Book: Good Morning, Destroyer of Men’s Souls
Author: Nina Renata Aron
Publisher: Crown
Year: 2020
Rating: 5 out of 5 stars
Synopsis: “‘The disease he has is addiction,’ Nina Renata Aron writes of her boyfriend, K. “The disease I have is loving him.” Their affair is dramatic, urgent, overwhelming – an intoxicating antidote to the long, lonely days of early motherhood. Soon after they get together, K starts using again, and years of relapses and broken promises follow. Even as his addiction deepens, she stays, confined that she is the one who can help him get sober. As a result of an adolescence marred by tragedy, Aron has always felt responsible for those suffering around her. How can she break this pattern? If she leave K, has she failed him?
Writing in prose at once unflinching and acrobatic, Aron delivers a piercing memoir that cracks open the long-feminized and overlooked phenomenon of codependency. She shifts between visceral, ferocious accounts of her affair with K – as well as her family’s own struggles with addiction – and defining moments in the history of codependency. Good Morning, Destroy of Men’s Souls is a blazing, bighearted book that illuminates and adds nuance to the messy theaters between felinity, enabling, and love.”
Review: Good Morning, Destroyer of Men’s Souls is more than a small synopsis on the back of a book, it is more than a tiny review on a website or post on social media. It is an all encompassing work, a memoir and an unfaltering look into the heart of the AA, Al-Anon, codependency, trauma, tragedy, love, and growth. Aron is at times a young Joan Didion, basking in the warmth of the California sun, radiating the innocence only a new, young life in San Fransisco can. She wraps the reader in a golden glow, enveloped in the potential of a bright future yet to be seen as she emerges, newly 18, on the west coast – having traveled from the far side of the east coast, from New York, Philly, punk shows and hometown suburbia, to find something of her own, to cast her flag upon new soil; an explorer of new lands and a conqueror of life at once.

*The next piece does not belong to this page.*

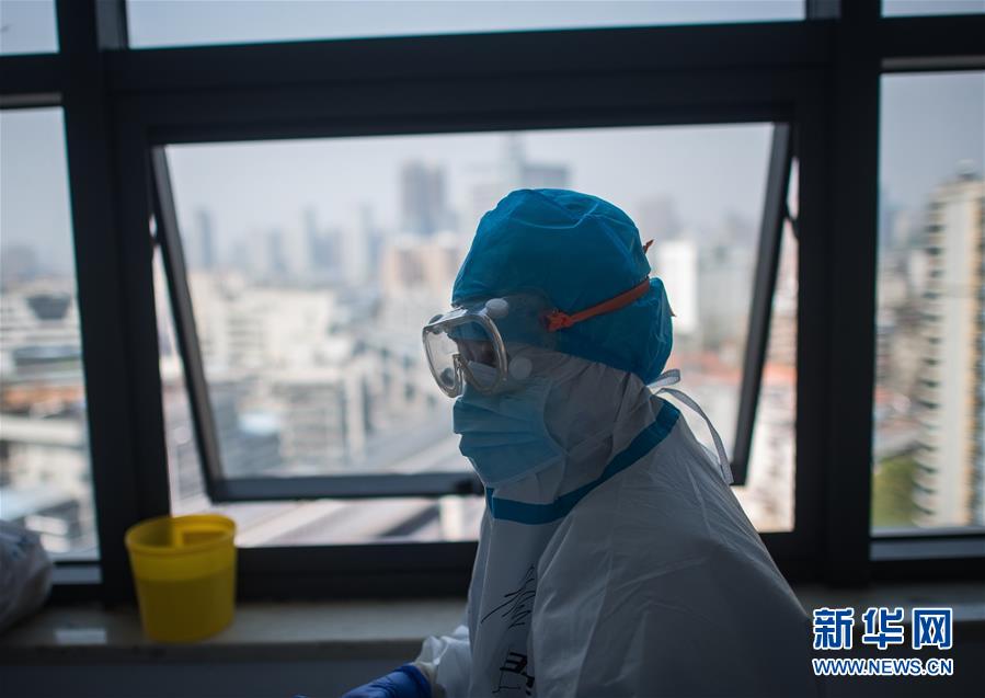 3月19日,在武漢市肺科醫(yī)院隔離病房,醫(yī)護人員在窗邊小憩。 新華社記者 肖藝九 攝

We spend ever the briefest of stays in Didion-esque Northern California before Aron returns home, called upon by her family and the addiction that grips her sister and in turn the entirety of her familial home.
Aron discusses the addiction that codependents find themselves drowning within and the difficulties this level of love, attachment, desire, maybe even lust for the ability to fix it, bring. She waxes poetic on the love she has for the possibility, the person she knows the addicts in her life could be. If only, if only, if only. She struggles; we find her neck deep in an intense and toxic relationship with an old flame, K, yet another addict (heroin, among others). This time she isn’t a budding adult, she has children and a career, a home and a car, both physical and intangible belongings which are easily broken beneath the weight of addiction. Admitting her own codependency, she swings between fury and guilt; quoting Lois Wilson, she acknowledges her own brokenness in needing to fix: “Living with me would be such an inspiration, I thought, that he would not need the balm of alcoholic.” and “Alas, for the codependent, empathy springs eternal.” (220, 218) If she were Joan in a cozy, golden California, in the midst of a lifetime of crisis and trauma she is Melissa Febos – wildly educated, wholly sunk into addiction and love, and deeply, deeply vulnerable.
Reaching into the jagged edge of a wound, Aron uses Good Morning, Destroyer of Men’s Souls to tear herself open, slashed and flayed onto the page for the reader to soak in. We are privy to her agony, the newness of motherhood, of “babylove”, of the milky smell of a newborn, and in the same breath we feel her guilt and sorrow as she struggles to hold everything together, to keep the people around her from crumbling to pieces even as she realizes they already have. She uses herself, her own story of codependence, of being a widow to a man who has not died, of her own addictions to both love and substance, to take the reader on a trip through the confoundedness of addiction trauma and enabling. Aron has written a story that rages quietly, burning through the pages as she discusses the history of AA amidst the anguish of her own life. It is heart shattering, honest, and raw.
Advice: This is not an easy book to read, as I said, it’s brutally honest as Aron speaks of addiction and love in blunt terms. However, it is an absolute must-read, a book that will change you, move you, bring you to the page to write a review. It is a deeply personal memoir that I found often challenging in reading it – I absolutely recommend this book, I will be chewing on it for days to come.